In order to preserve a complaint for appellate review, a party must have presented the trial court with a timely objection, or request, stating the specific grounds for the ruling he desires. Absent a timely objection, error is waived with regard to such issue. See Nelson v. State, 661 S.W.2d 122, 124, (Tex. Crim. App. 1983); Marini v. State, 593 S.W.2d 709, 714 (Tex. Crim. App. 1980); Crocker v. State, 573 S.W.2d 190, 205 (Tex. Crim. App 1978). More specifically, the court in Nelson reiterated the necessity of objection during voir dire examination to preserve error on appeal. Nelson, 661 S.W.2d at 124.
As the court's record reflects and the appellant concedes, no objection was raised by defense counsel at the time the trial judge made any of the comments of which appellant complains. Both the prosecutor and defense counsel continued with the voir dire examination after the judge's comments. Thus, no objection was raised to the trial court's comments.
Appellant relies on Blue v. State in support of his contention that no objection is necessary to preserve such an error on appeal. 41 S.W.3d 129, 131 (Tex. Crim. App. 2000) (plurality op.). We conclude, however that this reliance is misplaced. In Blue, the court found that the judge's comments tainted the trial court's presumption of innocence before the venire and thus were fundamental errors of constitutional dimension requiring no objection. Id. at 132. However, the holding in Blue does not extend to the instant case. Id. at 131. As a concurring opinion in Blue makes clear, the holding is limited to those cases where the trial court itself was biased. Id. at 134. In the present case, the comments made by the trial court do not reference the defendant's guilt or innocence and show no indication of bias by the court. Id.; see Jasper v. State, 61 S.W.3d 413, 421 (Tex. Crim. App. 2001). Therefore, we hold Blue is inapplicable and appellant was required to object in order to preserve error. See Nelson, 661 S.W.2d at 124.
Appellant failed to raise this issue in the trial court and has thus failed to preserve it for review. Tex. R. App. P. 33.1(a)(1). Appellant's first issue is overruled.
II. Improper Jury Argument
In his second issue, appellant claims the trial court erred by overruling his objection to the State's closing argument and in permitting the State to argue that a half bottle of whiskey was found in appellant's vehicle.

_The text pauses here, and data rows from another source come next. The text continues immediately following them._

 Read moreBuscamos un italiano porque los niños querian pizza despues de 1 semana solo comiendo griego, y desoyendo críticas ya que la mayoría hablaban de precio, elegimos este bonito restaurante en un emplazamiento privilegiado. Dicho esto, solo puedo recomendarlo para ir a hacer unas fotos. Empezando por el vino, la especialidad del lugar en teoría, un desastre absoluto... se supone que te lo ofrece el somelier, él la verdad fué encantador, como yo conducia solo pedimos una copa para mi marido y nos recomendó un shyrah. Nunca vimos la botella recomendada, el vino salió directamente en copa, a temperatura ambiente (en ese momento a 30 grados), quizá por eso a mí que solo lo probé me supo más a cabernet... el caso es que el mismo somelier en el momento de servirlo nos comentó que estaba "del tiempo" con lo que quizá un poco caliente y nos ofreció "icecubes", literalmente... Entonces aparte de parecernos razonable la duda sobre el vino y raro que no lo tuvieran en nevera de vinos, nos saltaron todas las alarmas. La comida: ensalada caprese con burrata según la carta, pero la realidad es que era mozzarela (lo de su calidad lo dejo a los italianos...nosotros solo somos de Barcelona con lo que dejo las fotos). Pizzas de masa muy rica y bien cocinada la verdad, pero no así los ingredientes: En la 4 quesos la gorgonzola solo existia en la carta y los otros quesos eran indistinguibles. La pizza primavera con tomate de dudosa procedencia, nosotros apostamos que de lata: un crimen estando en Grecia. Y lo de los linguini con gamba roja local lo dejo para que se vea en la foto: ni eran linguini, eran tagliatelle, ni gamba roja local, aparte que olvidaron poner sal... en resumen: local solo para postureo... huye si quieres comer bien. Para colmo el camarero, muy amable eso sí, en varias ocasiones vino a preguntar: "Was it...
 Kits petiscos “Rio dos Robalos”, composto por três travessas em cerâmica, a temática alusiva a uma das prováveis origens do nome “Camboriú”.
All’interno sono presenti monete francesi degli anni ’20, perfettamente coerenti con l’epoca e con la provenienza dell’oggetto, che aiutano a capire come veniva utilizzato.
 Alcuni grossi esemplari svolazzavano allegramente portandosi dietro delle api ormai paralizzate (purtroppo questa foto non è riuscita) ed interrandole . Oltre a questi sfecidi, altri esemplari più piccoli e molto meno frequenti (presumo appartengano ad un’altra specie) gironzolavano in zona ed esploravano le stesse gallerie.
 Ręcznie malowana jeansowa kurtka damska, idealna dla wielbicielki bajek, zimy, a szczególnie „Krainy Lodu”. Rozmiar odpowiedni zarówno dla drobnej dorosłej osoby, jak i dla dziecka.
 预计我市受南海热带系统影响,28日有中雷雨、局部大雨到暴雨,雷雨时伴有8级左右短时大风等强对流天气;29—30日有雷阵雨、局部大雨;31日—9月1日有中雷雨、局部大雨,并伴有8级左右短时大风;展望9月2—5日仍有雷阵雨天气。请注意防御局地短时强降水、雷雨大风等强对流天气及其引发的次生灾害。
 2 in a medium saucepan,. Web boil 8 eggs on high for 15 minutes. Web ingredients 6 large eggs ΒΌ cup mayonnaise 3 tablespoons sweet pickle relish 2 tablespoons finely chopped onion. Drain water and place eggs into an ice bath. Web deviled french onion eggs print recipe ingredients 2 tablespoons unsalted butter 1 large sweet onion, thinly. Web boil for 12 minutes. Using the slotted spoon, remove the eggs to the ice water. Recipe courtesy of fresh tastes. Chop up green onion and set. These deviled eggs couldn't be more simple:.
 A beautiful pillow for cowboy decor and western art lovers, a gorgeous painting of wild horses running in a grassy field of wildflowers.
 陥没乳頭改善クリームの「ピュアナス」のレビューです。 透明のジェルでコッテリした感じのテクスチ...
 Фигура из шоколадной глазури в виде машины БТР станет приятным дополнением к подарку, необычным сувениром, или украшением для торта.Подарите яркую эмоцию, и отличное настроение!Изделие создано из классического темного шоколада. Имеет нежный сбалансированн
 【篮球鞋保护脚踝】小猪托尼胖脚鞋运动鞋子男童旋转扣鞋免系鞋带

Appellant has provided no authority to support his contention that an improper jury argument was made. In accordance with rule 38.1(h) of the Texas Rules of Appellate Procedure, we will only consider contentions that are supported by clear and concise arguments with appropriate citations to authorities and to the record. Tex. R. App. P. 38.1(h). By raising the issue of an improper jury argument and failing to cite any authority to support his contention, if any, appellant has waived error on this issue. See Tufele v. State, 130 S.W.3d 267, 271 (Tex. App.-Houston [14th Dist.] 2002, pet. ref'd). We overrule appellant's second issue.
III. Factual Sufficiency
In his final issue, appellant complains that the evidence is factually insufficient to sustain his conviction. Specifically, appellant contends that evidence adduced at trial was insufficient to prove the element of loss of mental or physical faculties beyond a reasonable doubt. We disagree.
A. Standard of Review
In reviewing the factual sufficiency of the evidence, we view all of the evidence in a neutral light to determine whether the jury was rationally justified in finding guilt beyond a reasonable doubt. Watson v. State, 204 S.W.3d 404, 415 (Tex. Crim. App. 2006); see also Marshall v. State, 210 S.W.3d 618, 625 (Tex. Crim. App. 2006). Unless the record clearly reveals a different result is appropriate, we must defer to the fact-finder's determination concerning what weight to be given to contradictory testimony. Johnson v. State, 23 S.W.3d 1, 8 (Tex. Crim. App. 2000).
B. Applicable Law and Analysis
The State was required to prove beyond a reasonable doubt that appellant was intoxicated while operating a motor vehicle in a public place. See Tex.